¶ Tumblr is the Next Great Social Network
Brent Simmons sees a natural evolution for blogs…
“New blogging systems like Posterous and Tumblr seem to be pretty popular, and they fill a nice middle ground: short content, easy sharing, social stuff. They’re cool.
But try to imagine replacing Daring Fireball, Scripting News, Apple Outsider, Shawn Blanc, or any of a number of great blogs with something like Twitter. You can’t. You’d have to invent blogs so that these writers have somewhere to write.”
Brent is right. Blogging, once again, is evolving. But he’s a bit off in portraying Tumblr this way.
Tumblr, to me at least, isn’t a blog platform but something new entirely - a social network for both original and curated content that is longer than a tweet and often more visual in nature.

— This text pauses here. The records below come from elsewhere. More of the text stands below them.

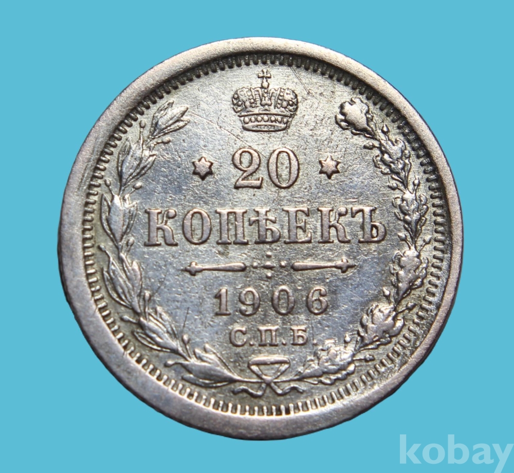 제정 러시아 20코펙 1906년 니콜라이 2세 은화 (사용제)
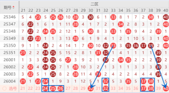 该区间上期开出了21 23 24号数字,本期我们注意一下出一个重号的情况,其中的23 24号数字可以关注一下。本期的25 26号数字我们注意一下出一个号码的情况,其中的25号数字可以重点关注一下。本期的30号数字是属于四斜连号码,出号机会是有的,可以关注一下出号情况。上期开出了32 35 38号数字,本期我们注意一下出一个重号的情况,其中的32 38号数字可以重点关注一下出号情况。本期的40号数字是属于三斜连号码,出号机会也是有的,可以关注一下。
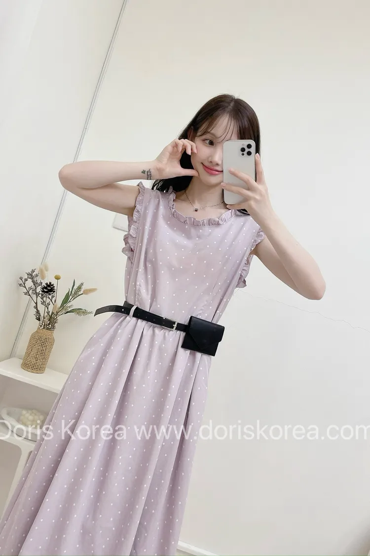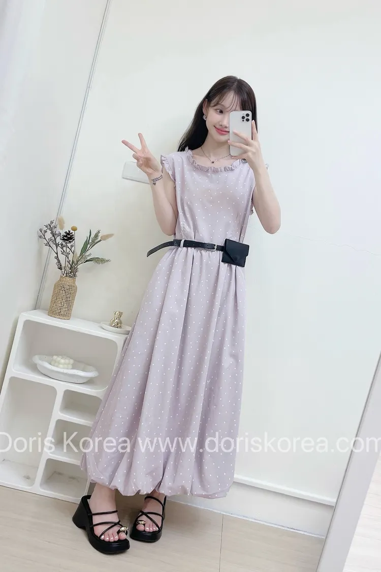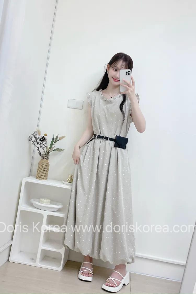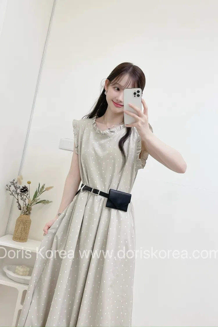 點點附腰包荷葉背心洋裝
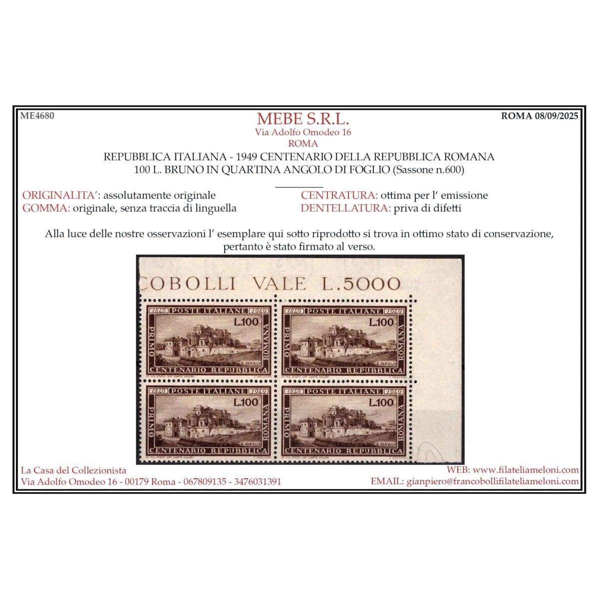 REPUBBLICA 1949 QUARTINA ALFIERI G.I MNH**

It’s a hybrid.
This nuance is lost in the news that Tumblr now has more blogs than Wordpress.com.
Consider this: over breakfast last week Mark Coatney from Tumblr shared with me that most of the platform’s billions of page views take place inside the dashboard rather than on the individual domains. That means that Tumblr is less like Wordpress and more like Twitter or Facebook - a social network for content rather than a blogging platform.

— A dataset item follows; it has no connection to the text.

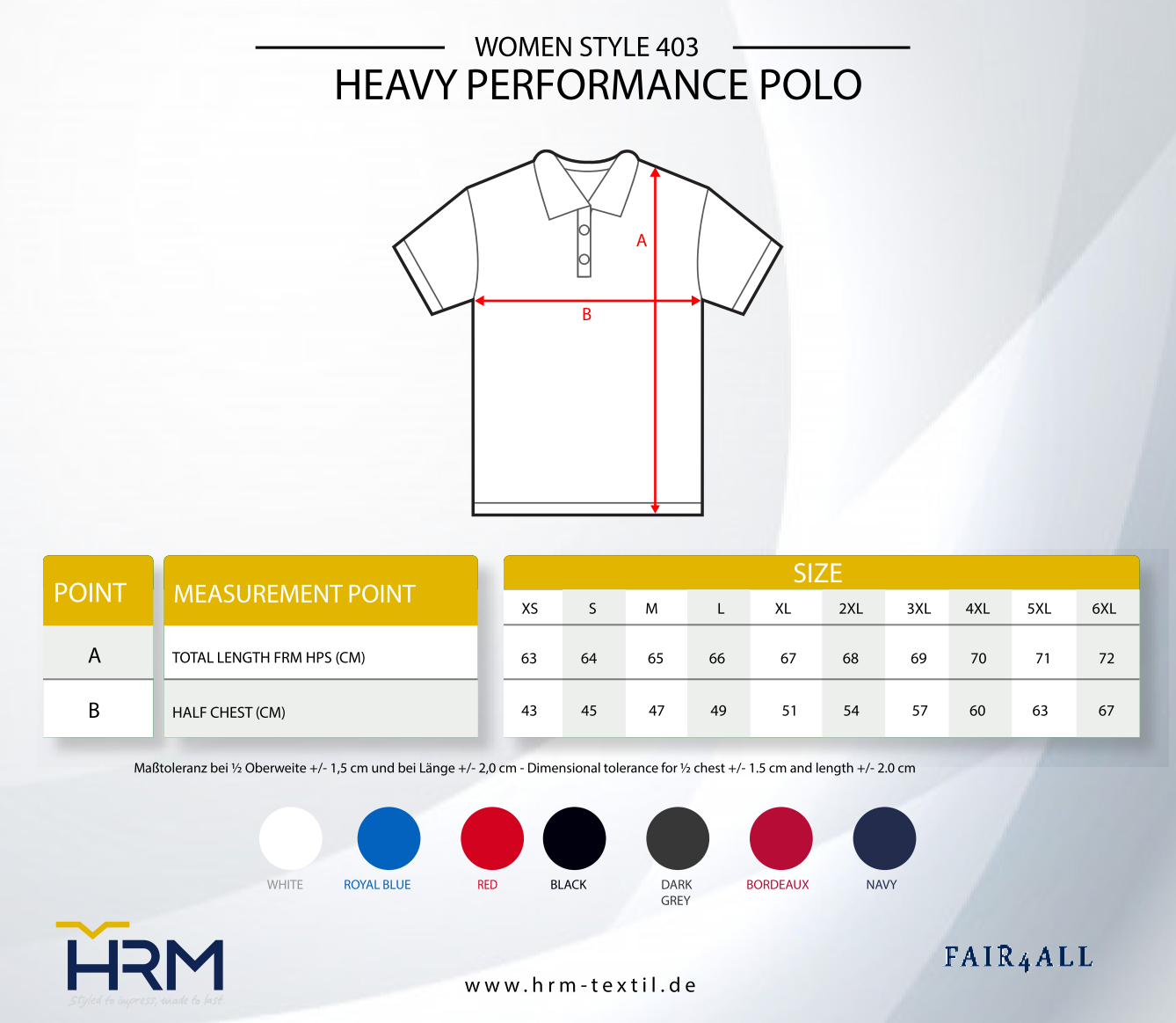 Our HRM Women‘s Heavy Performance polo shirts are made of a particularly robust, ring-spun, fine-mesh piqué made of 65% cotton 35% polyester. They have a form-fit fashionable cut and a reinforced neckband as well as collar and sleeve ends made from 1x1 rib knit. The tone-in-tone 3-button placket with HRM details gives the Heavy Performance polo shirts a fine look in every detail. The reinforced side slits and the shoulderto- shoulder neckband ensure a great wearing comfort and a long durability. The performance polo shirts are, apart from the woven Fair4All flag-label in the left side seam, label-free. They can be washed up to 60°C by the anti-shrink and anti-pilling pre-treatment and are particularly easy to clean even at high and regular washing cycles. The polyester share in the material increases the wear comfort and ensures the perfect fit. They are particularly suitable for a wide range of workwear applications.
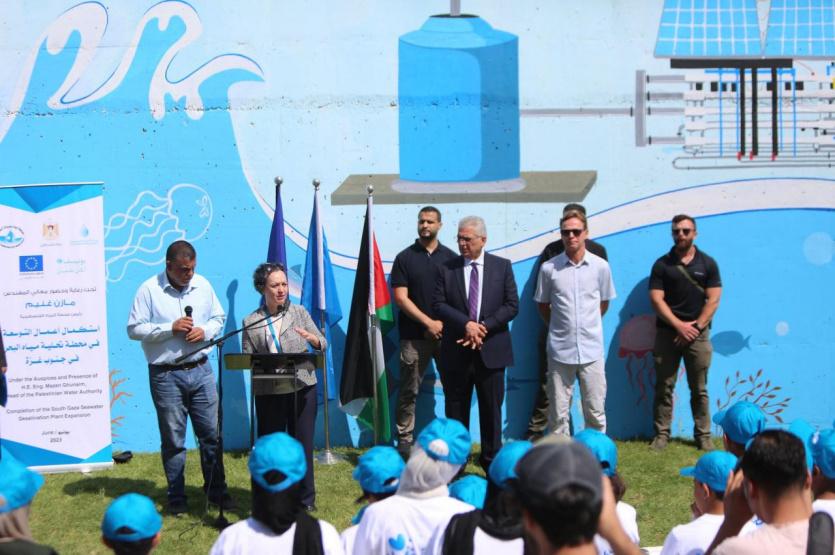 احتفل ممثلون عن الأمم المتحدة، والاتحاد الأوروبي، والحكومة، اليوم الاثنين، بانتهاء توسعة محطة تحلية مياه البحر جنوب قطاع غزة.

A huge part of Tumblr’s appeal is its community. Like Twitter and Facebook you don’t have to attract an audience, you just need to get them to subscribe. And while RSS is baked in, subscriptions are disguised simply as follows on Tumblr, making it all the more simple.

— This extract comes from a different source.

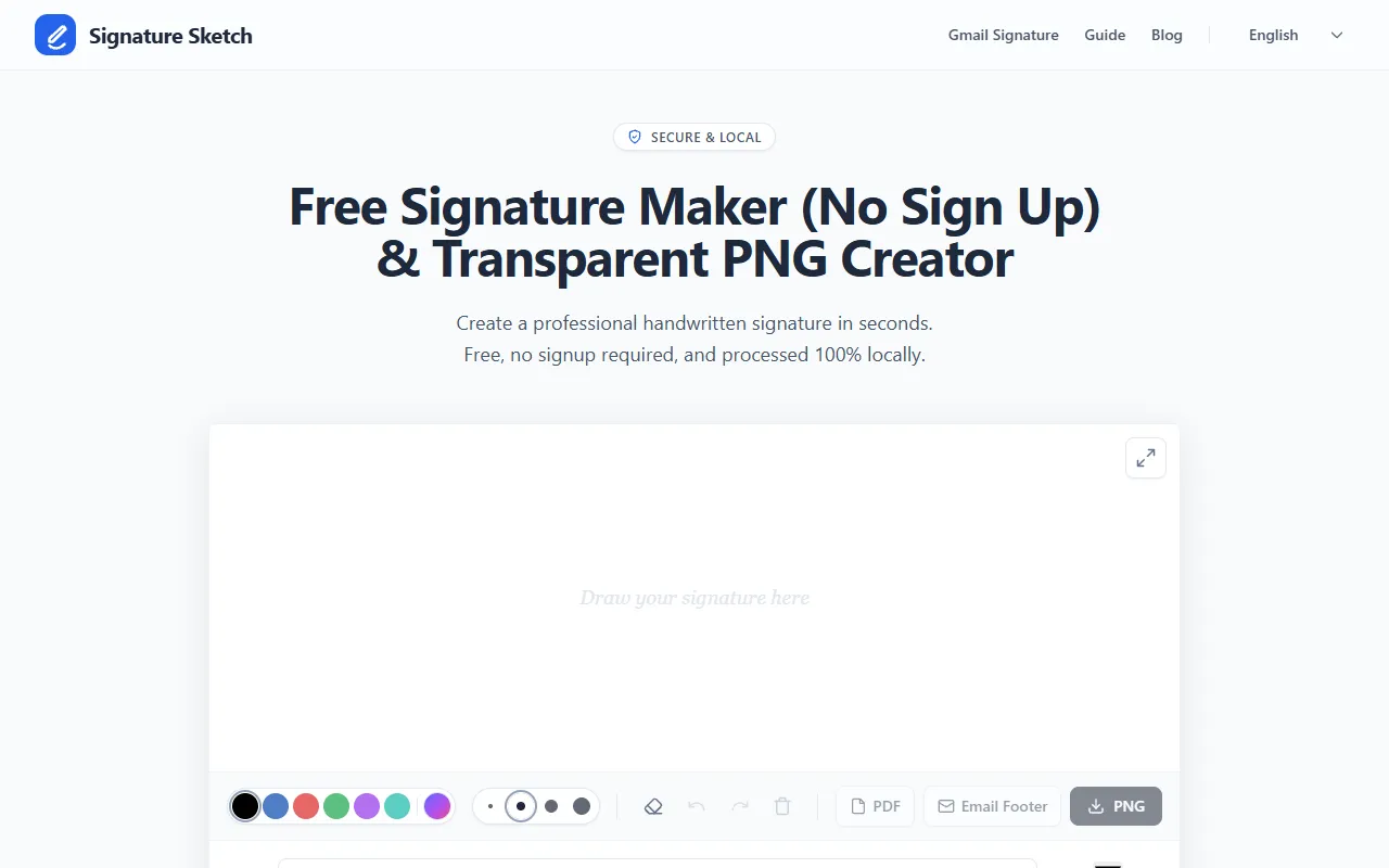 Signature Sketch instantly creates professional, privacy-safe handwritten signatures locally in your browser.
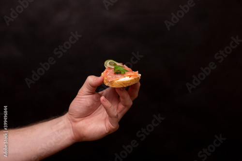 a man's hand on a black background holds a sandwich with a red fish

The more people start using Tumblr Dashboard as an aggregator, the more they create, share, comment and reblog. The network effect takes over and the platform grows.
When you add in the fact that the media is increasingly using Tumblr, you have an engine in place that can drive additional growth.
All the forces are in place, to me at least, to propel Tumblr as the next big hub. However, it’s not blogging that will do it but - like Twitter and Facebook before it - the community that’s driving the network effect and its meteoric growth.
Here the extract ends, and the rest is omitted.